Work task
Transcribe the listing below exactly, leaving out each image.

Data excerpt

┄┄┄┄┄┄┄┄┄┄

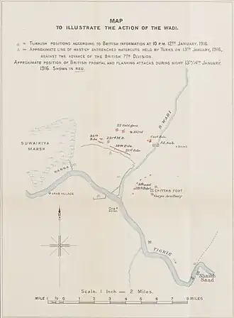 The Battle of Wadi, occurring on 13 January 1916,[2] was an unsuccessful attempt by British forces fighting in Mesopotamia (present-day Iraq) during World War I to relieve beleaguered forces under Sir Charles Townshend then under siege by the Ottoman Sixth Army at Kut-al-Amara.[3][4]
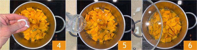 Ajuste o sal 4 e a pimenta, depois aromatize com tomilho e louro. Cubra com caldo de legumes 5, tampe 6 e cozinhe em fogo médio por cerca de 20 minutos, até que a abóbora esteja macia.
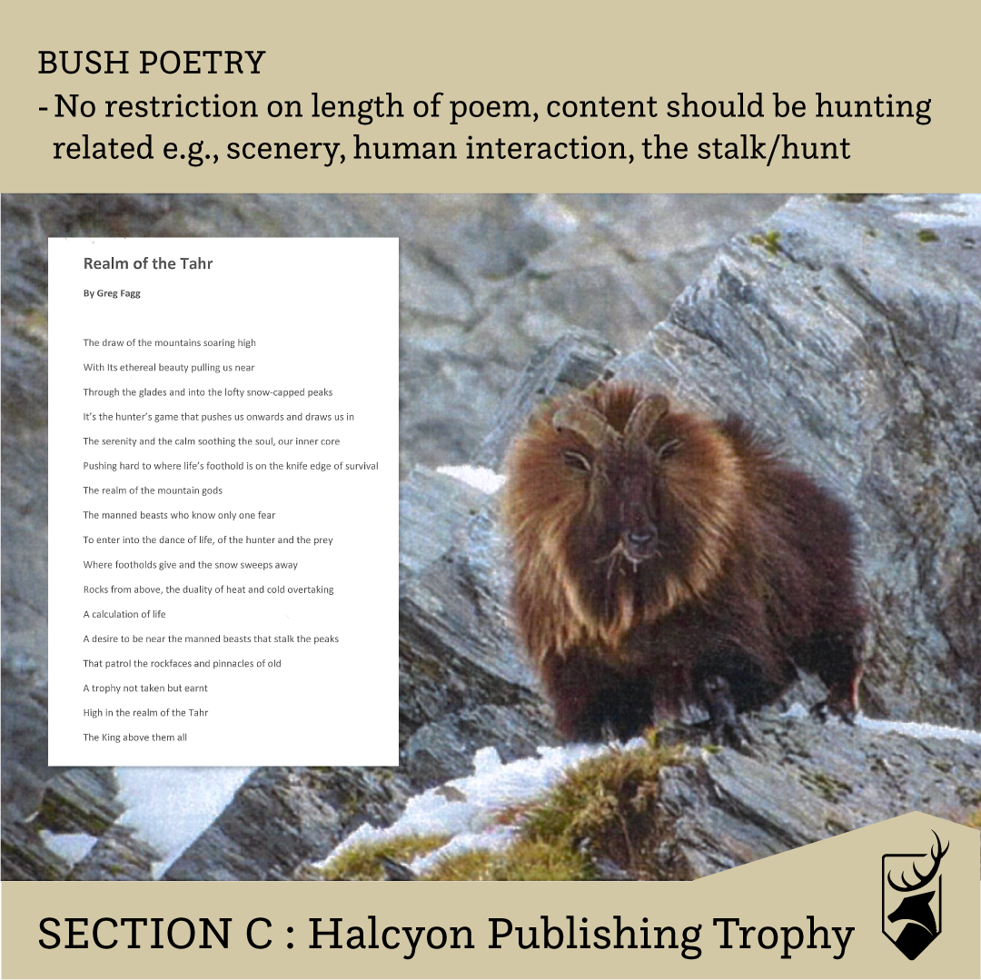 Your poem should capture the spirit of the hunt and showcase your creativity and skill as a poet. The winner will receive the Halcyon Publishing Trophy, as well as a range of hunting gear to help them on their next hunting trip.

┄┄┄┄┄┄┄┄┄┄

Worked solution
 The Battle of Wadi, occurring on 13 January 1916,[2] was an unsuccessful attempt by British forces fighting in Mesopotamia (present-day Iraq) during World War I to relieve beleaguered forces under Sir Charles Townshend then under siege by the Ottoman Sixth Army at Kut-al-Amara.[3][4]
 Ajuste o sal 4 e a pimenta, depois aromatize com tomilho e louro. Cubra com caldo de legumes 5, tampe 6 e cozinhe em fogo médio por cerca de 20 minutos, até que a abóbora esteja macia.
 Your poem should capture the spirit of the hunt and showcase your creativity and skill as a poet. The winner will receive the Halcyon Publishing Trophy, as well as a range of hunting gear to help them on their next hunting trip.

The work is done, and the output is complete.